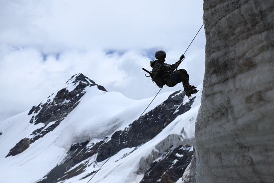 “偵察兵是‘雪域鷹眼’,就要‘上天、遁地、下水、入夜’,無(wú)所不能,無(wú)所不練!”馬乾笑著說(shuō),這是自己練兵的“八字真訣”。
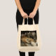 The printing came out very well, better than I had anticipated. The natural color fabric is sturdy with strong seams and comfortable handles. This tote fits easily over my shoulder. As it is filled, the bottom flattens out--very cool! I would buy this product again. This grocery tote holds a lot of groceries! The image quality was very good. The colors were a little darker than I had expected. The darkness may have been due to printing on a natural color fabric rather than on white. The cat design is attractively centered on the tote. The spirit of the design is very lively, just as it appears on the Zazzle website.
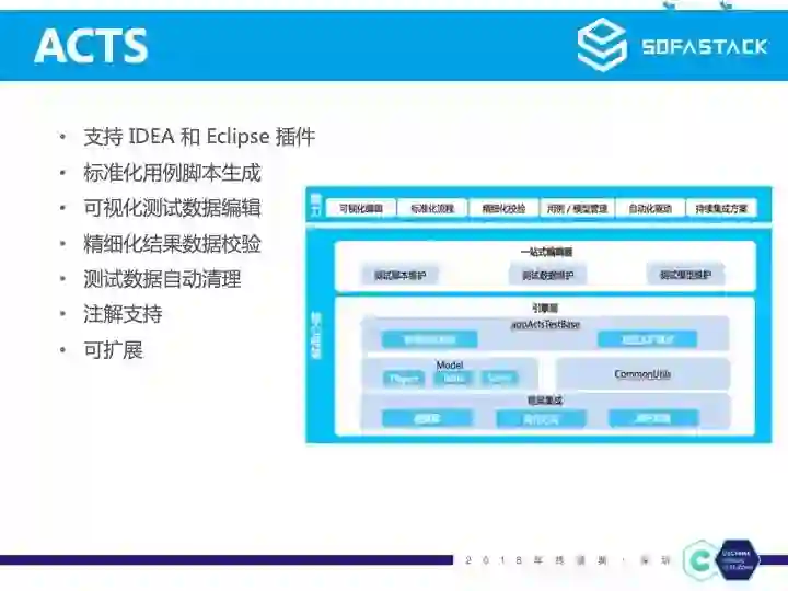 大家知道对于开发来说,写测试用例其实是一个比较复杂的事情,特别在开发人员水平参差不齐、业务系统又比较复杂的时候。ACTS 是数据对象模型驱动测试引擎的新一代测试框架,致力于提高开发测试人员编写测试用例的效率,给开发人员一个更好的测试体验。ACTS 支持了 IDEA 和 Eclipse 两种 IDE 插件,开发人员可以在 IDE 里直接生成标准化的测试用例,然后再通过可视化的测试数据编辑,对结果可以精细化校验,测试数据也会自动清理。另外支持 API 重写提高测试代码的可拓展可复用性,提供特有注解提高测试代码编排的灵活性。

---

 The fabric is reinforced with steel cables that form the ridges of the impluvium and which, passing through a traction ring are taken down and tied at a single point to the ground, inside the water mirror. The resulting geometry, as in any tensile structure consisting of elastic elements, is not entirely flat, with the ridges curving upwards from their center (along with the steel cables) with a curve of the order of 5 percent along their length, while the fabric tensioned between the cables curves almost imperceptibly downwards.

**WHAT IS REQUIRED:**
After locating "The printing came" and "IDEA 和 Eclipse" in the records above, return exactly the line holding each one and every line between them; leave out the pictures.

**ANSWER SECTION:**
 The printing came out very well, better than I had anticipated. The natural color fabric is sturdy with strong seams and comfortable handles. This tote fits easily over my shoulder. As it is filled, the bottom flattens out--very cool! I would buy this product again. This grocery tote holds a lot of groceries! The image quality was very good. The colors were a little darker than I had expected. The darkness may have been due to printing on a natural color fabric rather than on white. The cat design is attractively centered on the tote. The spirit of the design is very lively, just as it appears on the Zazzle website.
 大家知道对于开发来说,写测试用例其实是一个比较复杂的事情,特别在开发人员水平参差不齐、业务系统又比较复杂的时候。ACTS 是数据对象模型驱动测试引擎的新一代测试框架,致力于提高开发测试人员编写测试用例的效率,给开发人员一个更好的测试体验。ACTS 支持了 IDEA 和 Eclipse 两种 IDE 插件,开发人员可以在 IDE 里直接生成标准化的测试用例,然后再通过可视化的测试数据编辑,对结果可以精细化校验,测试数据也会自动清理。另外支持 API 重写提高测试代码的可拓展可复用性,提供特有注解提高测试代码编排的灵活性。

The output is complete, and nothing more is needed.